A variant of Kosnita’s theorem – High School Geometry

Let $G$ be the centroid of $\triangle ABC.$ Denote by $G_a,G_b,G_c$ the centroids of triangles $BCG,CAG,ABG$ , respectively. Then the lines $AG_a,BG_b,CG_c$ are concurrent at $G$ , the centroid of the parent triangle.

Further, let $O$ be the circumcenter of $\triangle ABC$ . Denote by $O_a,O_b,O_c$ the circumcenters of triangles $BCO,CAO,ABO$ , in that order. According to Kosnita’s theorem, the lines $AO_a,BO_b,CO_c$ are concurrent at a point called the Kosnita point.

Now let $W$ be that point that wanders here and there on the nine-point circle of $\triangle ABC$ (coordinates given by (1) or (2) or (3) or (4)). Denote by $W_a,W_b,W_c$ the “ $W$ -centers” of triangles $BCW,CAW,ABW$ respectively.

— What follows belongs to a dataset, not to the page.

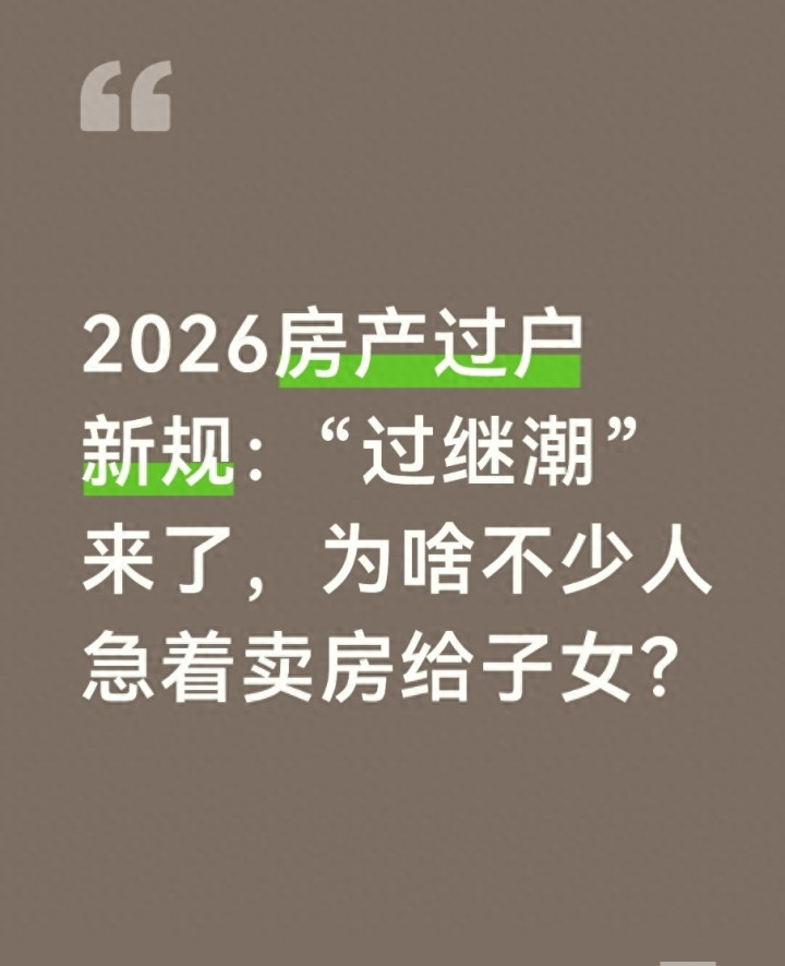 2026年刚开年,房产圈就刮起了“过继潮”——不管是城市老小区还是新城区,不少家庭都在扎堆办房产过户,要么父母卖房子给子女,要么办赠与、继承手续。这波热潮不是凭空来的,核心是2026年房产过户新规落地,流程简化、税费调整,让以前麻烦又费钱的房产传承,现在变得又快又省钱。但更关键的是,新规背后的税费逻辑和持有规则变了,让很多人算清账后,果断选择“现在卖房”,而不是等以后继承或赠与。今天就用大白话把这事讲透,不管你是想给子女传房,还是有多套房产想规划,看完都能明白其中的门道。

In this post we show that the lines $AW_a,BW_b,CW_c$ are concurrent, if the slopes of the parent triangle form a geometric progression.

(1) $\begin{equation*} \begin{split} x&=\frac{x_1y_1(x_3-x_2)+x_2y_2(x_1-x_3)+x_3y_3(x_2-x_1)}{x_1(y_2-y_3)+x_2(y_3-y_1)+x_3(y_1-y_2)}\\ y&=\frac{x_1y_1(y_2-y_3)+x_2y_2(y_3-y_1)+x_3y_3(y_1-y_2)}{x_1(y_2-y_3)+x_2(y_3-y_1)+x_3(y_1-y_2)} \end{split} \end{equation*}$

(2) $\begin{equation*} x=\frac{m_2x_2-m_3x_1}{m_2-m_3},~y=\frac{m_2y_1-m_3y_2}{m_2-m_3} \end{equation*}$

(3) $\begin{equation*} x=\frac{m_1x_1-m_2x_3}{m_1-m_2},~y=\frac{m_1y_3-m_2y_1}{m_1-m_2} \end{equation*}$

(4) $\begin{equation*} x=\frac{m_3x_3-m_1x_2}{m_3-m_1},~y=\frac{m_3y_2-m_1y_3}{m_3-m_1} \end{equation*}$

$A(x_1,y_1),~B(x_2,y_2),C(x_3,y_3)$ are the coordinates of the vertices, while $m_1,m_2,m_3$ are the slopes of sides $AB,BC,CA$ . Equations (2),(3),(4) are all equivalent (to (1)) representations of point $W$ .

Concurrence

Throughout, $W$ will denote the “W-center” of $\triangle ABC$ , while $W_a,W_b,W_c$ represent the “W-centers” of triangles $BCW,CAW,ABW$ .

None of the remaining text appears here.